What is disability?  The prefix dis- means “apart” or “away”.  It suggests an action, a movement from an intimate connection to a profound distance.  Yet even this distance implies unavoidable relation.  And this is not just a question of time, as in “I was once able-bodied”.  Nor is it a question of compensation, of the kind seen in media portrayals of paralympians, those who “overcome obstacles” with their “superabilities”.  The connection between disability and ability, I think, is much more subtle and complex.

It’s obvious (to me anyway) that there are formidable abilities intertwined with disability.  Not only such phenomena as the adoption of echolocation by some blind people, but also the astounding determination of people with obscure or ill-defined bodily conditions who are shunted from one ignorant or patronising medical professional to the next, the creativity of people experiencing depression who continually improvise new ways of maintaining well-being, the unique and profound insights of all those considered “other”.
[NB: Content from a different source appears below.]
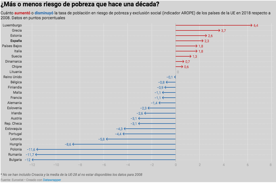El país aún afronta un reto superado por la gran mayoría de nuestros vecinos europeos: recuperar al menos los niveles de pobreza de hace una década, antes de la crisis económica que estalló con la quiebra del gigante financiero Lehman Brothers.

I also suspect the opposite is true – underneath the surface of ability is disability.  We’re vulnerable, changeable, and our abilities are limited and temporary.  Whether we’re disabled or not, there is a disabling to our lives.  Not so much a noun as a verb.  Life itself is an enabling condition and a disabling condition at the same time.

About a year ago, something happened to my body that seemed very sudden.  An intense humming, radiating pain appeared, deep in my hips.  Mostly in my right, but also in my left.  Around these joints, a stiffness took hold.  Muscles and ligaments in my legs became tense and felt unstable.  Walking was painful and awkward.  Even sitting for any length of time would bring it on.  From somewhere deep in my body, pain was gushing out of a seemingly bottomless well.  What had happened?  Is this what I am sentenced to now?  Is it just going to get worse?

X-rays revealed the beginnings of osteoarthritis.  The cartilage had worn down only mildly thus far, but the degree of deterioration doesn’t predict the subjective experience of pain.  At times, I’ve felt in agony, crippled.  A year on, I’ve accumulated a raft of strategies – supplements, painkillers, walking (while trying also not to over-exert), allied health professionals, swimming, meditation, and just generally trying to live my life, consciously and carefully.  All of which is of some help.  Yet none of which completely removes the unpredictable undercurrent of pain.

Am I disabled by it?  It feels like it sometimes.  It certainly limits me.  This week has ranged from distracting to unbearable.  But part of the dis- of it is shock – I am having to reconfigure my sense of who I am and what I am capable of.  To confront the fact that identity is an abstraction, the body in continual flux as it struggles with the twinned forces of optimistic regeneration and realistic decay.

I have known for most of my life that I have Marfan Syndrome, and that this often leads to early onset osteoarthritis.  Until last year, I considered myself lucky to have eluded pain, and perhaps thought I would continue to.  I was a paradox – a person with a highly unusual body shape whose only hurdle in moving through the world was people’s prejudices.  No longer.  With this pain, I feel that I am becoming the crippled person of other people’s imagination, and I resent it.

Well, at least today I do.  Things change, and can change again.  My body reminds me.

misc 015

Disability is socially constructed and can therefore be deconstructed (or reconstructed).  It is also bodily, and sometimes it can be alleviated or even resolved.  Particular people are labelled disabled.  But there is a disabling within (and between) every body, which is unavoidable and sovereign.  It is in our molecules and in our social arrangements.  It comes before us, and will come after us.  It humbles and embraces us.